● **TASK INPUT**

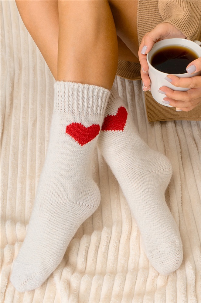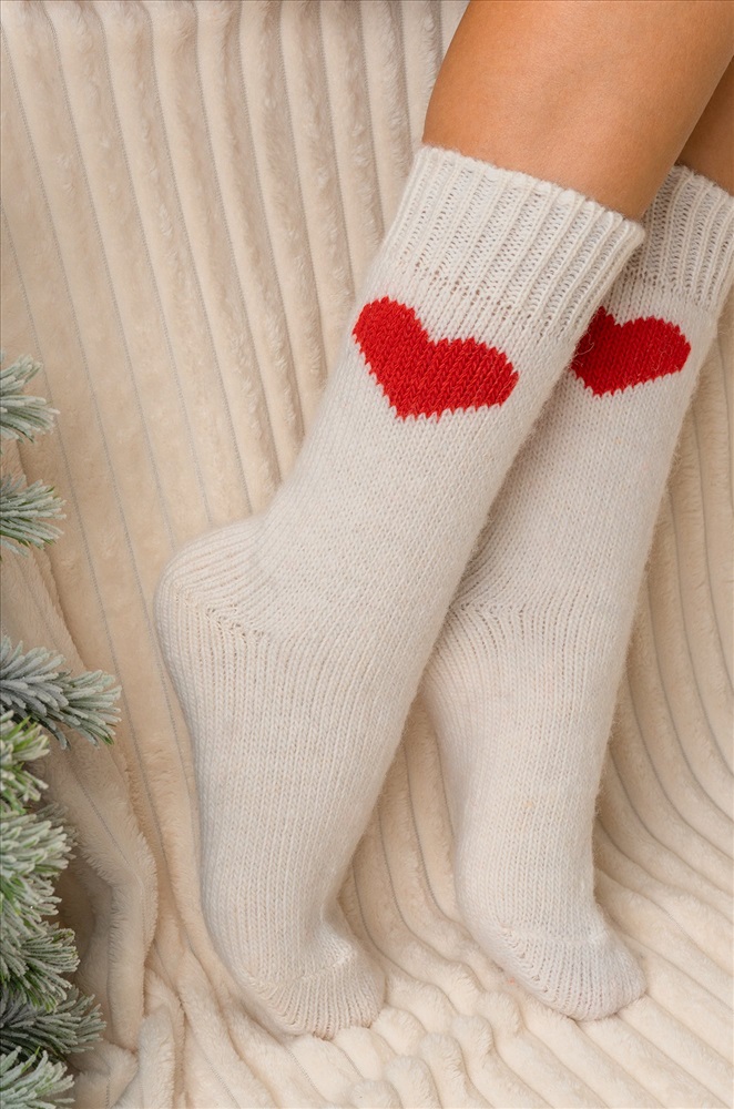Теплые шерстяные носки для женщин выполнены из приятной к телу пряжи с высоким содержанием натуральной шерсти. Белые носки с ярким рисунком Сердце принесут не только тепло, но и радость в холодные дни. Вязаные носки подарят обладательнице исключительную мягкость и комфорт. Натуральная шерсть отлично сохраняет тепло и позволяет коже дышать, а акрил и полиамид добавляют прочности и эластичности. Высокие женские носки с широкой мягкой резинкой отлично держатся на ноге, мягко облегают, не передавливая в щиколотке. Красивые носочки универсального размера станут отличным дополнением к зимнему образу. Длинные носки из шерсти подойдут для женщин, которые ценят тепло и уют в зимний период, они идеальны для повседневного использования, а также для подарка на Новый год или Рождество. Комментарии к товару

--

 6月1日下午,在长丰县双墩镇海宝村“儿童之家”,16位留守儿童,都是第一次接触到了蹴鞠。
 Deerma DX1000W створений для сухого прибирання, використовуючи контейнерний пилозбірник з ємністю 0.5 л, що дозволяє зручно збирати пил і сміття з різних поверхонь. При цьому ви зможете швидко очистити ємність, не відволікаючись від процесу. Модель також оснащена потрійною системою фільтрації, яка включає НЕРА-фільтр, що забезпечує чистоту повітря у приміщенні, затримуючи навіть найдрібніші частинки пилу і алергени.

● **EXERCISE DESCRIPTION**
Using the data above, reproduce exactly the lines from the line that contains "6月1日下午,在长丰县双墩镇" through the line that contains "Deerma DX1000W створений", including both.

● **YOUR SOLUTION**
 6月1日下午,在长丰县双墩镇海宝村“儿童之家”,16位留守儿童,都是第一次接触到了蹴鞠。
 Deerma DX1000W створений для сухого прибирання, використовуючи контейнерний пилозбірник з ємністю 0.5 л, що дозволяє зручно збирати пил і сміття з різних поверхонь. При цьому ви зможете швидко очистити ємність, не відволікаючись від процесу. Модель також оснащена потрійною системою фільтрації, яка включає НЕРА-фільтр, що забезпечує чистоту повітря у приміщенні, затримуючи навіть найдрібніші частинки пилу і алергени.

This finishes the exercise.